If the same scenario occurs in humans, this drug could selectively target BRCA-/- cells which
usually constitute the breast cancer genotype of otherwise BRCA heterozygous individuals.
VIII. References
1) Farmer et al.
Targeting the DNA repair defect in BRCA mutant cells as a therapeutic strategy. Nature 434,
917-921(2005).
2) D'Andrea AD, Grompe M. The Fanconi anaemia/BRCA pathway. Nat. Rev. Cancer 3, 23-34
(2003).
3) Bartkova et al. DNA damage response as a candidate anti-cancer barrier in early human
tumorigenesis. Nature 434, 864-870 (2005).

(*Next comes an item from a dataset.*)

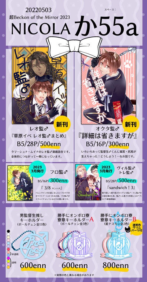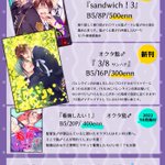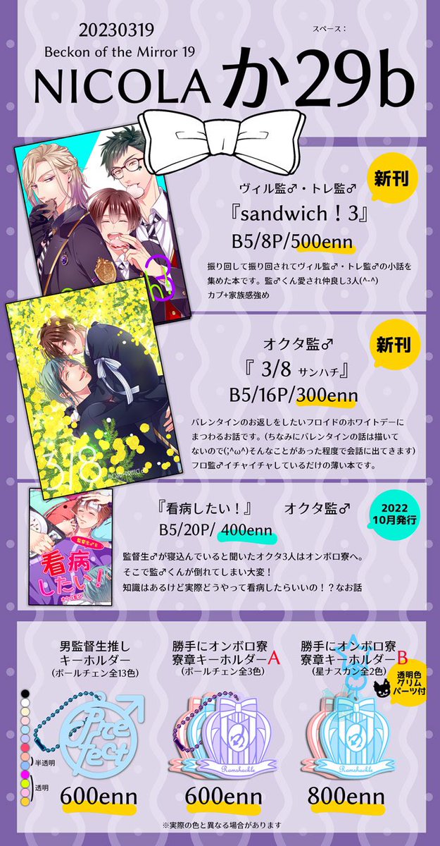 3/19 Beckon of the Mirror 19 ①『sandwich!3』ヴィル監♂・トレ監♂ 28P/500円(イベント頒布価格) 振り回して振り回されてヴィル監♂・トレ監♂の小ネタ詰め合わせ本です。 カプ+家族感強めでお送りします! とらさん委託中(先行予約受付中)→ ecs.toranoana.jp/joshi/ec/item/… #twstプラスB

4) Gorgoulis et al. Activation of the DNA damage checkpoint and genomic instability in
human precancerous lesions. Nature 434, 907-913 (2005).
5) Chang P, Jacobson MK, Mitchison TJ. Poly(ADP-ribose) is required for spindle assembly
and structure. Nature 434, 645-649 (2004).
6) Burkle A. Poly(ADP-ribose). The most elaborate metabolite of NAD+. FEBS J. 272,
4576-4589 (2005).
7) O'Driscoll M, Jeggo PA.The role of double-strand break repair - insights from human
genetics. Nat. Rev. Genet. 7, 45-54 (2006).